Заклеенный скотчем рот, независимо от других методов, хорошо приглушает крики, превращая их в носовые стоны, которые, к моему облегчению, звучат в разы тише.

А вот дети для меня — табу. Кое-кто из коллег охотно готов пытать ребенка, чтобы развязать язык родителям, однако, на мой взгляд, этот подход неприемлем с моральной точки зрения и ненадежен в принципе. Дети не должны страдать из-за убеждений или глупости своих отцов и матерей. Ведь методы, которые мы применяем к субъектам, по сути, служат наказанием за подрывную деятельность, предательство и нарушение закона, и поэтому должны применяться к виновным, а не к их родным и близким. Рано или поздно раскалываются все. Все без исключения. А использовать ребенка, чтобы этот процесс ускорить, — грязно, примитивно и попросту непрофессионально.

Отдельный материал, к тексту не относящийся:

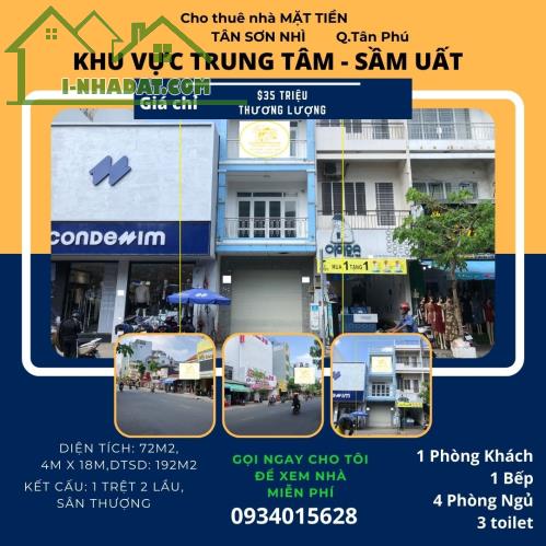 Cho thuê nhà mặt tiền tân sơn nhì 72m2, 2lầu, 35triệu - ... 35 triệu
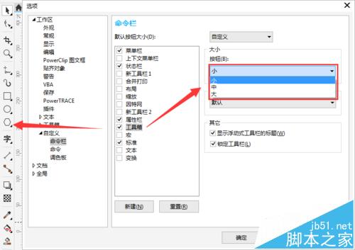 2、单击菜单栏“窗口>工具栏>默认按钮大小”,在弹出的菜单对话框中,定义按钮大小。另外,还可以鼠标右键单击菜单栏、工具箱、属性栏中的任意一栏目,依次点击“自定义>默认按钮大小”根据需要选择即可。如下图所示。
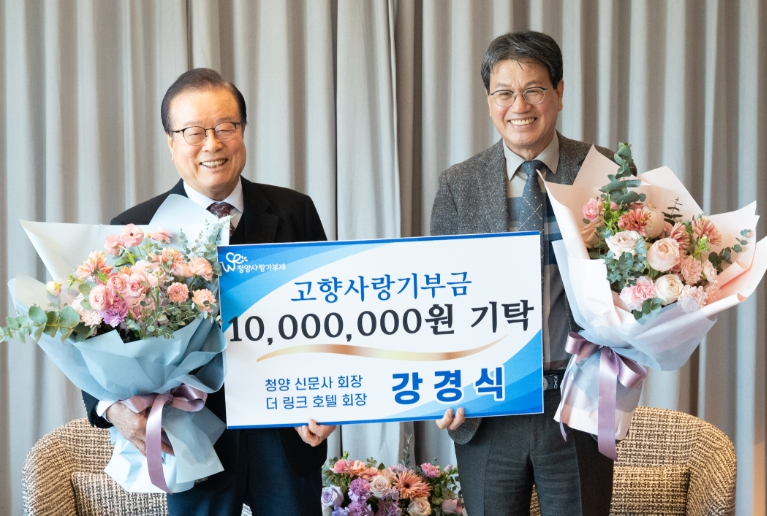 [뉴스앤톡] 청양군은 강경식 더 링크 호텔 회장이 19일 고향사랑기부금 1천만 원을 기부했다고 밝혔다.
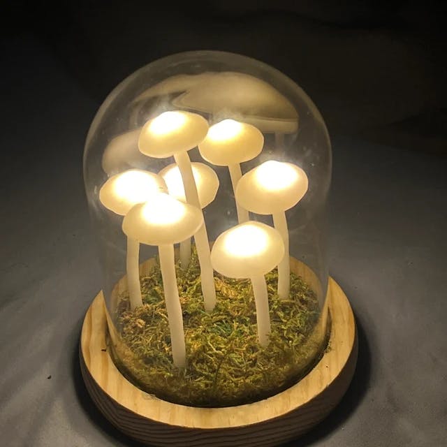 If you bought the material kit, let the mushroom lamp dry for two nights after it is done, and then cover it with a glass cover.
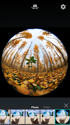 Aplikasi ini cukup menarik bagi saya, karena aplikasi ini bisa kita integrasikan dengan media sosial berbagi foto seperti Instagram. Aplikasi ini memiliki 4 macam lensa fisheye yang bisa kalian pilih dan juga terdapat pilihan background yang bisa kalian sesuaikan dengan foto yang akan kalian ambil.
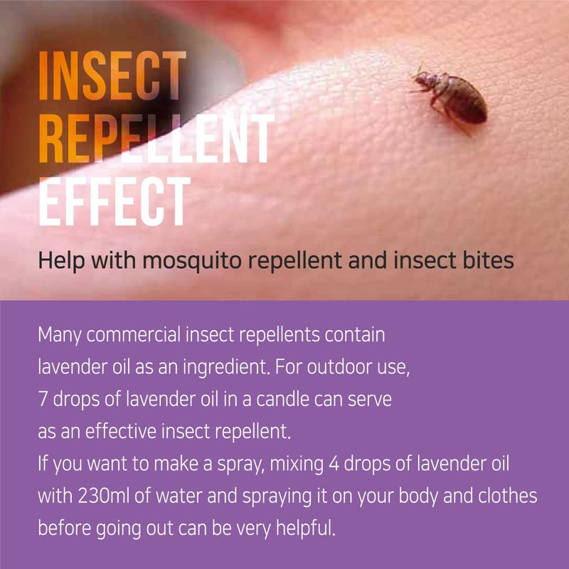 - Protect Yourself from Mosquitoes - You can use it on your skin to repel any mosquitoes. In this case use 7 drops of lavender oil in a candle to keep away those mosquitoes!
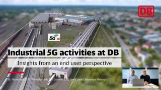 This talk presents how Deutsche Bahn is using industrial 5G to digitalize and automate its maintenance facilities, sharing insights from a test network in Krefeld, outlining future 5G plans, and highlighting requirements for supplier industries.
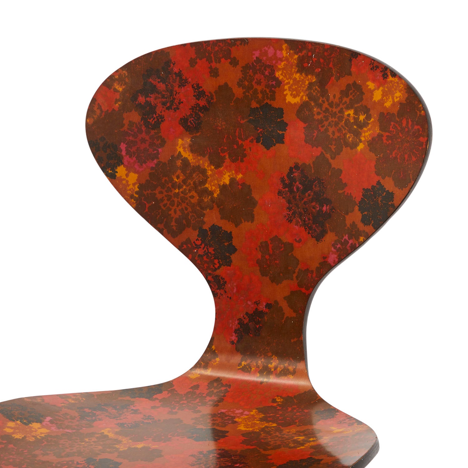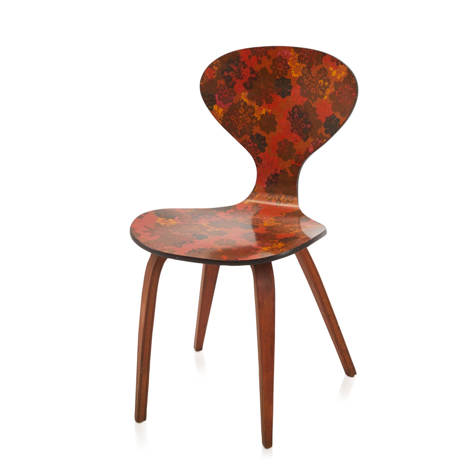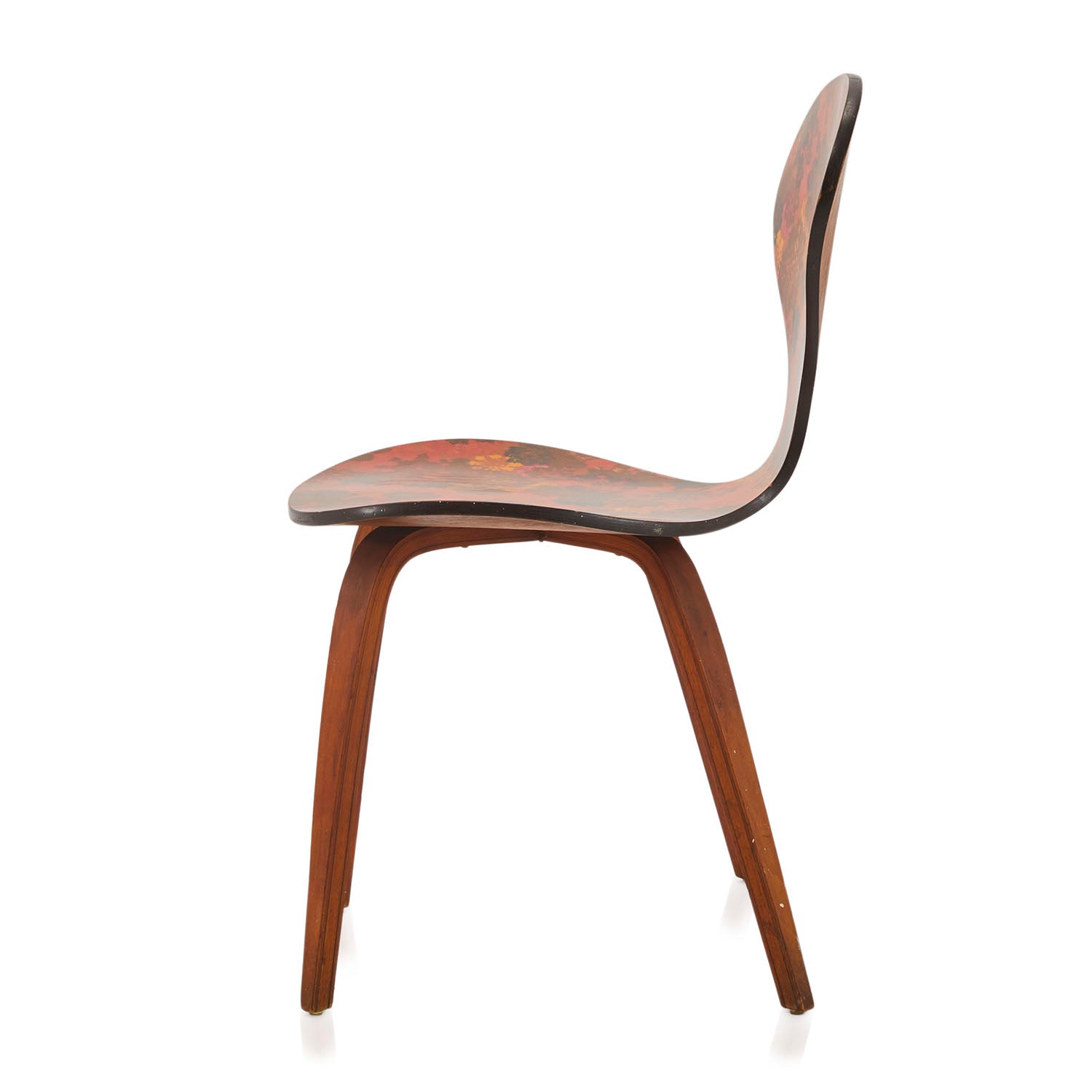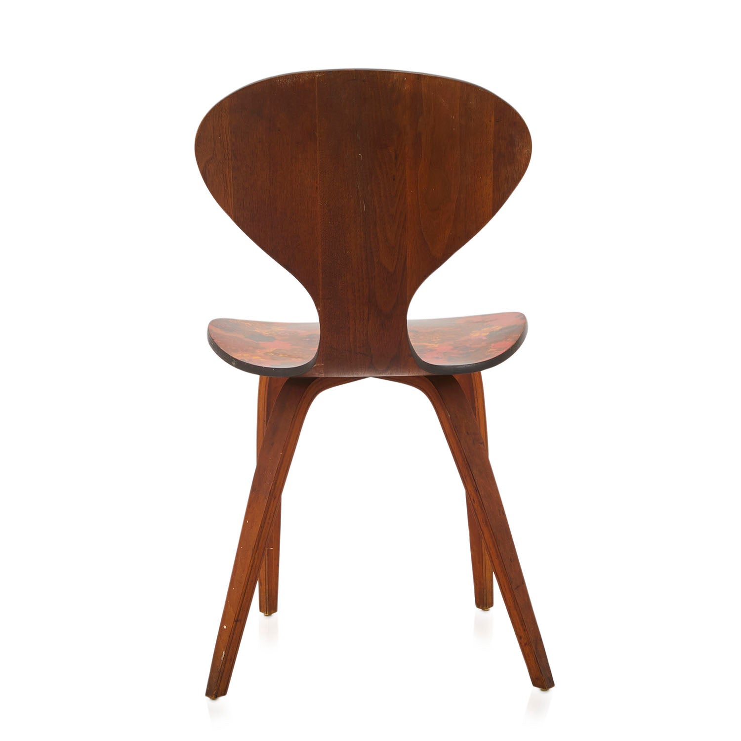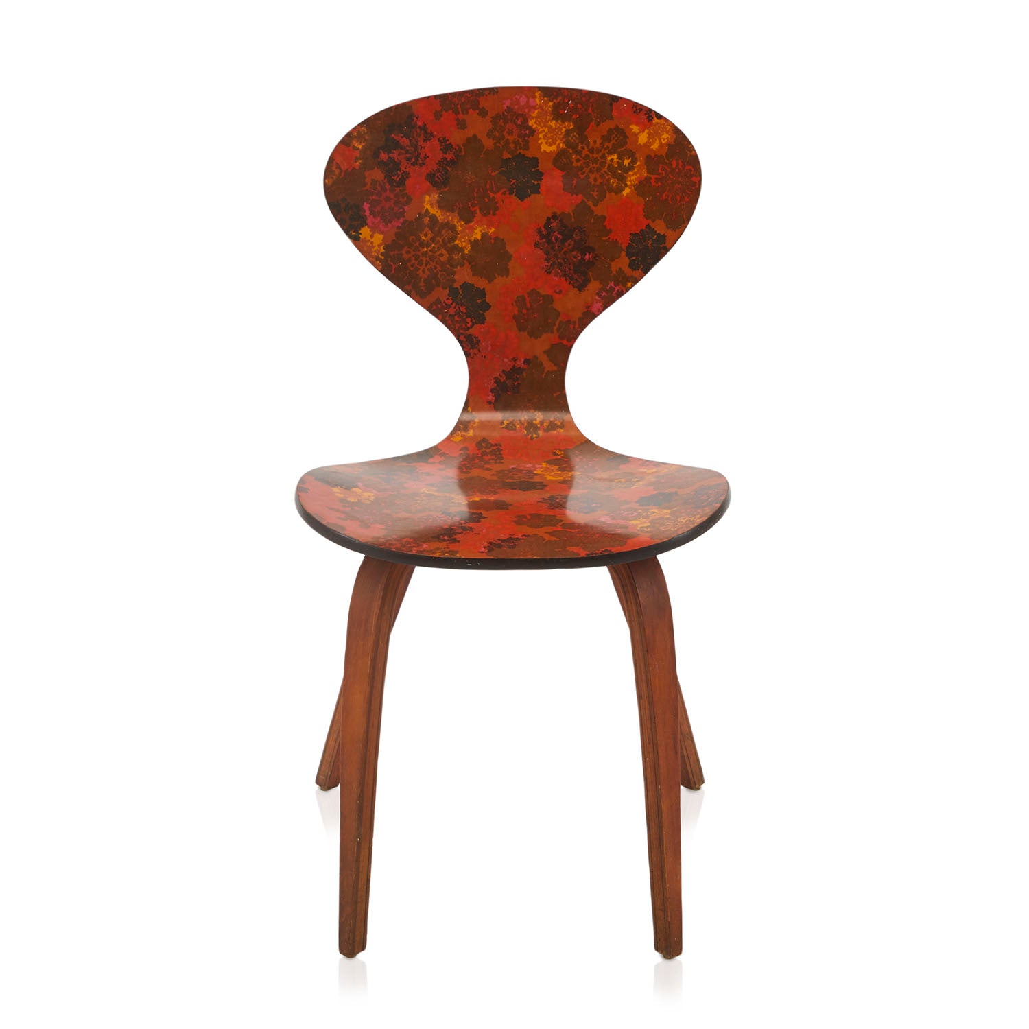 Details: Mid Century dining / side chair with rounded back and rust/orange/burgundy snowflake / leaves print and wood legs, similar to the classic Cherner chair Dimensions: 32"...

В основном из-за этих душевных метаний — а еще потому, что я считаю интересным и поучительным дискутировать с коллегами вроде упомянутых ранее, — в отделе мне дали кодовое имя Философ.


Транзитор

Я живу в швейцарии. Да, именно так, со строчной буквы.

Конкретно моя швейцария даже не зовется Швейцарией, однако это типичное, узнаваемое место со своим характером и предназначением, которое с легкостью считывают все Посвященные. Те, кто имеет представление о реалиях реальностей. Быть Посвященным — значит осознавать, что мы живем не в одном-единственном мире — неизменном и линейном, — а среди огромного многообразия миров, число которых со временем стремительно растет. А еще важнее — понимать, что между этими разноликими, ветвящимися и плодящимися реальностями можно путешествовать.

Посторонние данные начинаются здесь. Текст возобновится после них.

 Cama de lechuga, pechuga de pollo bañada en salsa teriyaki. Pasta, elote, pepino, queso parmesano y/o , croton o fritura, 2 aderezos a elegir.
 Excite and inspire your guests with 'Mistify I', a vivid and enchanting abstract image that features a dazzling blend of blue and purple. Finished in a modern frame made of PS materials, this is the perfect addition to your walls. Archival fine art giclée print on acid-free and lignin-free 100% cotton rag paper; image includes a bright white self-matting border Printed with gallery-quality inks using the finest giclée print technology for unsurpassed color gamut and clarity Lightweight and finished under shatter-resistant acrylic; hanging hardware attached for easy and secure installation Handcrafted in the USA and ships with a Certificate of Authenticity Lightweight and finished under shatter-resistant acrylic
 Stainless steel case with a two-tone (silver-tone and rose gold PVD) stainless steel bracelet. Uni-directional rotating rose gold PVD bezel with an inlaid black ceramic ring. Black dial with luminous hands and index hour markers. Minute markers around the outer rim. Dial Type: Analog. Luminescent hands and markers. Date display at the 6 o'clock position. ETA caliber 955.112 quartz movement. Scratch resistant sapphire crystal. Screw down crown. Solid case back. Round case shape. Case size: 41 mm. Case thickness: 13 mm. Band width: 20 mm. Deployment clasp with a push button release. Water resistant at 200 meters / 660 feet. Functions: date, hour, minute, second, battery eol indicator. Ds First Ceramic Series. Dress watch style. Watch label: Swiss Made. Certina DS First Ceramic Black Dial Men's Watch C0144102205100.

Старый коттедж, где я живу, стоит на поросшем соснами склоне с видом на маленький, но с претензией курортный городок Флесс. К западу от него волнами изгибаются покрытые зеленью холмы. К востоку, за моим домом, склон, обрастая скалистыми выступами, взмывает вверх и завершается зубчатым горным хребтом, таким высоким, что снег на его вершинах не тает круглый год.

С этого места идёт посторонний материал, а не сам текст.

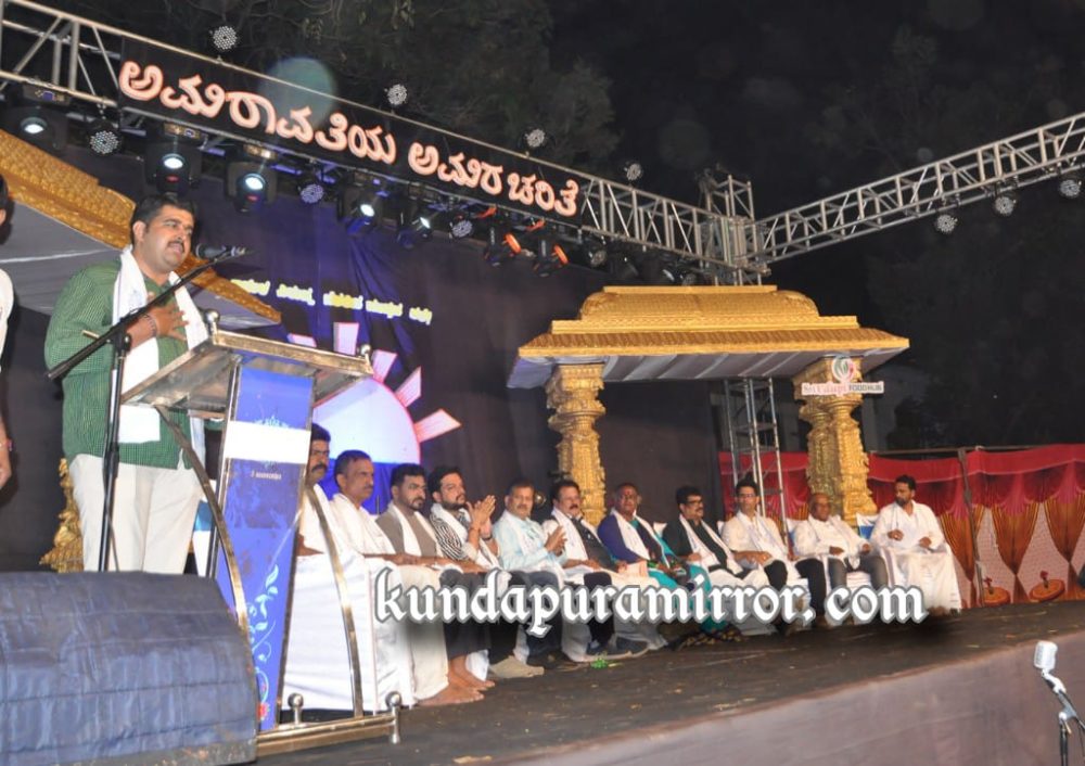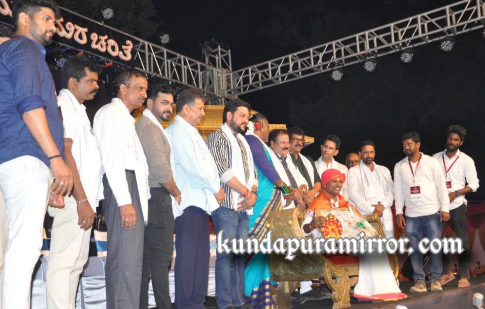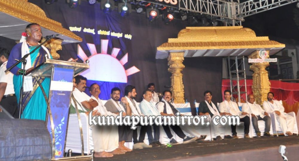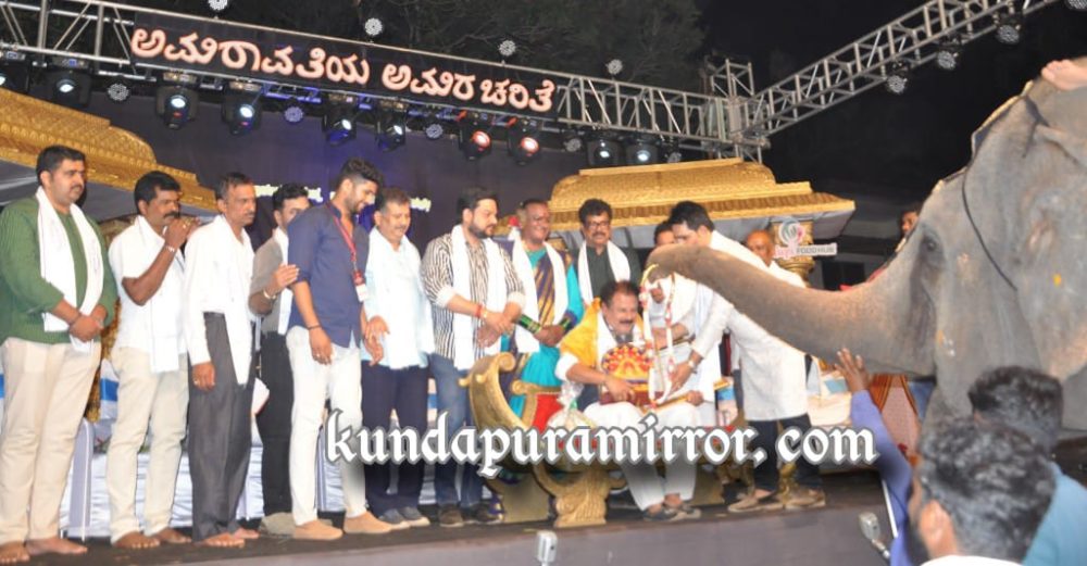 ಯಕ್ಷಕಾಶಿ ಕುಂದಾಪುರದ ನೆಹರೂ ಮೈದಾನದಲ್ಲಿ ಉದ್ಯಮಿ ಮಂಜುನಾಥ್ ಪೂಜಾರಿ ಬೆಳ್ಳಾಡಿ ಸಾರಥ್ಯದಲ್ಲಿ ಶನಿವಾರ ಪ್ರದರ್ಶನಗೊಂಡ ಅಮರಾವತಿಯ ಅಮರ ಚರಿತೆ ಯಕ್ಷಗಾನಕ್ಕೂ ಮುನ್ನ ನಡೆದ ಸಭಾ ಕಾರ್ಯಕ್ರಮದಲ್ಲಿ ದೂರದ ಹರಿಹರ ಮಠದಿಂದ ಆಗಮಿಸಿದ ನಿಜ ಗಜರಾಜನಿಂದ ಸನ್ಮಾನಗೊಂಡ ಬಳಿಕ ಮಾತನಾಡಿದರು.

Флесс очень компактен: вы окинете его целиком одним беглым взглядом с моей веранды. Тем не менее он может похвастаться оперным театром, казино, вокзалом с крупным железнодорожным узлом, россыпью очаровательных и причудливых магазинчиков, а также парой высококлассных отелей. Свободное от путешествий время — когда не работаю на мадам д’Ортолан или другого члена l’Expédience, — я провожу здесь: в дождливую погоду читаю книги из своей библиотеки, в ясные дни гуляю по холмам, а вечерами наведываюсь в отели и казино.